→ Exercise directions
Restate the whole of the data verbatim, omitting nothing.

+-------+

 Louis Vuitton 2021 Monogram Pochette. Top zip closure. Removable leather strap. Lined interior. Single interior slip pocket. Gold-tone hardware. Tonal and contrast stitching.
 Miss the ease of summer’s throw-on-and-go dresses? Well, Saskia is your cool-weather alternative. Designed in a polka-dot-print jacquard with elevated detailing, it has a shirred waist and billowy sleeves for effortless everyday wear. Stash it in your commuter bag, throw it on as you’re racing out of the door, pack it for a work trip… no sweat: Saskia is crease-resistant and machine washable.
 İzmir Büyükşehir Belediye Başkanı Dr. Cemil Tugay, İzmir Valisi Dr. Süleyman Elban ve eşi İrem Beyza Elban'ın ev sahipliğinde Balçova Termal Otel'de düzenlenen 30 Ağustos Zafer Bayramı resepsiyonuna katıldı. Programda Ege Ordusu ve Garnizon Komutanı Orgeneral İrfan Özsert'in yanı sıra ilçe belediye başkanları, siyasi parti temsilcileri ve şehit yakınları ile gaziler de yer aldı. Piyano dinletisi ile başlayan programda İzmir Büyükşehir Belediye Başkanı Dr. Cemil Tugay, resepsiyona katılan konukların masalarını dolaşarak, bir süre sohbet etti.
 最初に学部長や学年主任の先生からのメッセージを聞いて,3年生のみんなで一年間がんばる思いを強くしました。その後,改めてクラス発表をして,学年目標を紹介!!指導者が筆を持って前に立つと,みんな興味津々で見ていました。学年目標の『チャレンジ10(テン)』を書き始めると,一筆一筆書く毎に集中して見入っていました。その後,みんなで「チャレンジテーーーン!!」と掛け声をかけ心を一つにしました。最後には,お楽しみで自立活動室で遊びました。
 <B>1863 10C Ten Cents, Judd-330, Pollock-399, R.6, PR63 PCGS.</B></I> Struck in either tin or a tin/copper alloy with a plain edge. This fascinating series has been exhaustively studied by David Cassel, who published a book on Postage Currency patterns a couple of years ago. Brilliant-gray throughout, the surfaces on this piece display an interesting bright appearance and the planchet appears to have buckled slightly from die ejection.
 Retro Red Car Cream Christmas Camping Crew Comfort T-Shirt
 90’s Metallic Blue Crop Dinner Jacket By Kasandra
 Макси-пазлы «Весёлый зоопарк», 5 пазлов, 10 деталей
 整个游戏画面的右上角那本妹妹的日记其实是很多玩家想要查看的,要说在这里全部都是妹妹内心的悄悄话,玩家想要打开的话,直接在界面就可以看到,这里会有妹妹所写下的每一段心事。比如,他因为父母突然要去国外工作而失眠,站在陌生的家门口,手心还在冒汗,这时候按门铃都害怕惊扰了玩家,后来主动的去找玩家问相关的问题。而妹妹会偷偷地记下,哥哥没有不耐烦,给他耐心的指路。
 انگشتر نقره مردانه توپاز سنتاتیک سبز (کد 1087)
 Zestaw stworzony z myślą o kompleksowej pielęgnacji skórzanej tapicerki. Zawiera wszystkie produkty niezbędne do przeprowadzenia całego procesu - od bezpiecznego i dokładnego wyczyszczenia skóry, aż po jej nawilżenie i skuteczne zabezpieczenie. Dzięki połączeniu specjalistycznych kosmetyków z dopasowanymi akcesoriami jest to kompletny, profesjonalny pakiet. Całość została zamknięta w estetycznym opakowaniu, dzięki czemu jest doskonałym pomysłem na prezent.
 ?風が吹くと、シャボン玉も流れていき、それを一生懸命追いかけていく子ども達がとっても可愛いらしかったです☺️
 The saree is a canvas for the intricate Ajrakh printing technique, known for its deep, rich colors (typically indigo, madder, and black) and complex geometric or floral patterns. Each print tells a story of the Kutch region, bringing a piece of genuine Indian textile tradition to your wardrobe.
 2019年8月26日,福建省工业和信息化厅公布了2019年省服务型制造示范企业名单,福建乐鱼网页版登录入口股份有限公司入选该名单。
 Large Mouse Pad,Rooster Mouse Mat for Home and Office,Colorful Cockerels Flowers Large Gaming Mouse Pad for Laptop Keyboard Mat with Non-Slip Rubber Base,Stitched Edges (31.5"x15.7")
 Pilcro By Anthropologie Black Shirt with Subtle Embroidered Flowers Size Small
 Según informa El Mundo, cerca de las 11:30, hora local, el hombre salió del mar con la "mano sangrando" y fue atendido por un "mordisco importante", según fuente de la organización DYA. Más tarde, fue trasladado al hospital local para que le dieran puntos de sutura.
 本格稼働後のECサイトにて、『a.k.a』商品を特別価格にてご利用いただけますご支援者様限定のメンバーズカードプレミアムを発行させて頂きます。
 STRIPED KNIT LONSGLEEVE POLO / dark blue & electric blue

+-------+

→ Exercise output
 Louis Vuitton 2021 Monogram Pochette. Top zip closure. Removable leather strap. Lined interior. Single interior slip pocket. Gold-tone hardware. Tonal and contrast stitching.
 Miss the ease of summer’s throw-on-and-go dresses? Well, Saskia is your cool-weather alternative. Designed in a polka-dot-print jacquard with elevated detailing, it has a shirred waist and billowy sleeves for effortless everyday wear. Stash it in your commuter bag, throw it on as you’re racing out of the door, pack it for a work trip… no sweat: Saskia is crease-resistant and machine washable.
 İzmir Büyükşehir Belediye Başkanı Dr. Cemil Tugay, İzmir Valisi Dr. Süleyman Elban ve eşi İrem Beyza Elban'ın ev sahipliğinde Balçova Termal Otel'de düzenlenen 30 Ağustos Zafer Bayramı resepsiyonuna katıldı. Programda Ege Ordusu ve Garnizon Komutanı Orgeneral İrfan Özsert'in yanı sıra ilçe belediye başkanları, siyasi parti temsilcileri ve şehit yakınları ile gaziler de yer aldı. Piyano dinletisi ile başlayan programda İzmir Büyükşehir Belediye Başkanı Dr. Cemil Tugay, resepsiyona katılan konukların masalarını dolaşarak, bir süre sohbet etti.
 最初に学部長や学年主任の先生からのメッセージを聞いて,3年生のみんなで一年間がんばる思いを強くしました。その後,改めてクラス発表をして,学年目標を紹介!!指導者が筆を持って前に立つと,みんな興味津々で見ていました。学年目標の『チャレンジ10(テン)』を書き始めると,一筆一筆書く毎に集中して見入っていました。その後,みんなで「チャレンジテーーーン!!」と掛け声をかけ心を一つにしました。最後には,お楽しみで自立活動室で遊びました。
 <B>1863 10C Ten Cents, Judd-330, Pollock-399, R.6, PR63 PCGS.</B></I> Struck in either tin or a tin/copper alloy with a plain edge. This fascinating series has been exhaustively studied by David Cassel, who published a book on Postage Currency patterns a couple of years ago. Brilliant-gray throughout, the surfaces on this piece display an interesting bright appearance and the planchet appears to have buckled slightly from die ejection.
 Retro Red Car Cream Christmas Camping Crew Comfort T-Shirt
 90’s Metallic Blue Crop Dinner Jacket By Kasandra
 Макси-пазлы «Весёлый зоопарк», 5 пазлов, 10 деталей
 整个游戏画面的右上角那本妹妹的日记其实是很多玩家想要查看的,要说在这里全部都是妹妹内心的悄悄话,玩家想要打开的话,直接在界面就可以看到,这里会有妹妹所写下的每一段心事。比如,他因为父母突然要去国外工作而失眠,站在陌生的家门口,手心还在冒汗,这时候按门铃都害怕惊扰了玩家,后来主动的去找玩家问相关的问题。而妹妹会偷偷地记下,哥哥没有不耐烦,给他耐心的指路。
 انگشتر نقره مردانه توپاز سنتاتیک سبز (کد 1087)
 Zestaw stworzony z myślą o kompleksowej pielęgnacji skórzanej tapicerki. Zawiera wszystkie produkty niezbędne do przeprowadzenia całego procesu - od bezpiecznego i dokładnego wyczyszczenia skóry, aż po jej nawilżenie i skuteczne zabezpieczenie. Dzięki połączeniu specjalistycznych kosmetyków z dopasowanymi akcesoriami jest to kompletny, profesjonalny pakiet. Całość została zamknięta w estetycznym opakowaniu, dzięki czemu jest doskonałym pomysłem na prezent.
 ?風が吹くと、シャボン玉も流れていき、それを一生懸命追いかけていく子ども達がとっても可愛いらしかったです☺️
 The saree is a canvas for the intricate Ajrakh printing technique, known for its deep, rich colors (typically indigo, madder, and black) and complex geometric or floral patterns. Each print tells a story of the Kutch region, bringing a piece of genuine Indian textile tradition to your wardrobe.
 2019年8月26日,福建省工业和信息化厅公布了2019年省服务型制造示范企业名单,福建乐鱼网页版登录入口股份有限公司入选该名单。
 Large Mouse Pad,Rooster Mouse Mat for Home and Office,Colorful Cockerels Flowers Large Gaming Mouse Pad for Laptop Keyboard Mat with Non-Slip Rubber Base,Stitched Edges (31.5"x15.7")
 Pilcro By Anthropologie Black Shirt with Subtle Embroidered Flowers Size Small
 Según informa El Mundo, cerca de las 11:30, hora local, el hombre salió del mar con la "mano sangrando" y fue atendido por un "mordisco importante", según fuente de la organización DYA. Más tarde, fue trasladado al hospital local para que le dieran puntos de sutura.
 本格稼働後のECサイトにて、『a.k.a』商品を特別価格にてご利用いただけますご支援者様限定のメンバーズカードプレミアムを発行させて頂きます。
 STRIPED KNIT LONSGLEEVE POLO / dark blue & electric blue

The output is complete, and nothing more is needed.